Exercise brief – Please transcribe the data exactly as shown, skipping the images.

Raw data –

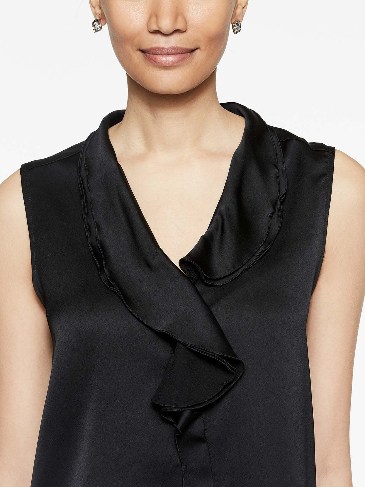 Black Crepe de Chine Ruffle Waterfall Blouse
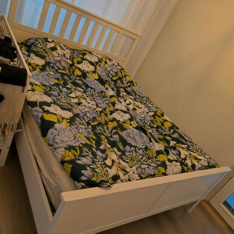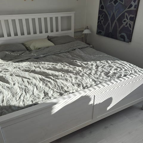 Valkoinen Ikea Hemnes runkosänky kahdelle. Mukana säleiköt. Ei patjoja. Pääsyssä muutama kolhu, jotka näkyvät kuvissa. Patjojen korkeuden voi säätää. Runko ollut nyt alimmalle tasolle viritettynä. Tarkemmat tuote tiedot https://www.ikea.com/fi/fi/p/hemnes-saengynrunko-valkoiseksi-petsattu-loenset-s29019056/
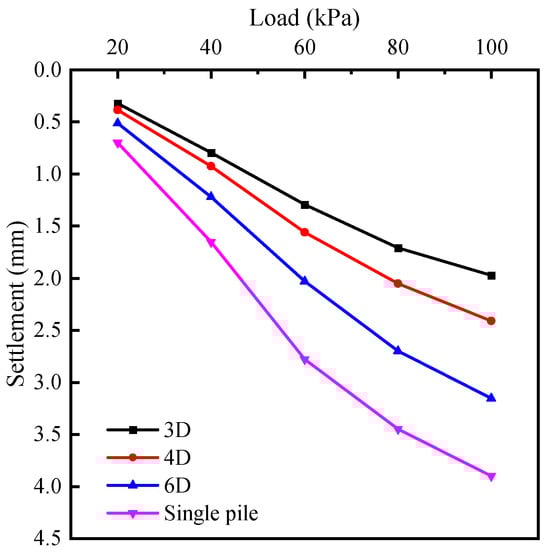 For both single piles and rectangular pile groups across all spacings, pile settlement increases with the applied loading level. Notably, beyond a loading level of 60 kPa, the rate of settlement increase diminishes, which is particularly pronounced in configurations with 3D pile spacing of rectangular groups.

Answer box –
 Black Crepe de Chine Ruffle Waterfall Blouse
 Valkoinen Ikea Hemnes runkosänky kahdelle. Mukana säleiköt. Ei patjoja. Pääsyssä muutama kolhu, jotka näkyvät kuvissa. Patjojen korkeuden voi säätää. Runko ollut nyt alimmalle tasolle viritettynä. Tarkemmat tuote tiedot https://www.ikea.com/fi/fi/p/hemnes-saengynrunko-valkoiseksi-petsattu-loenset-s29019056/
 For both single piles and rectangular pile groups across all spacings, pile settlement increases with the applied loading level. Notably, beyond a loading level of 60 kPa, the rate of settlement increase diminishes, which is particularly pronounced in configurations with 3D pile spacing of rectangular groups.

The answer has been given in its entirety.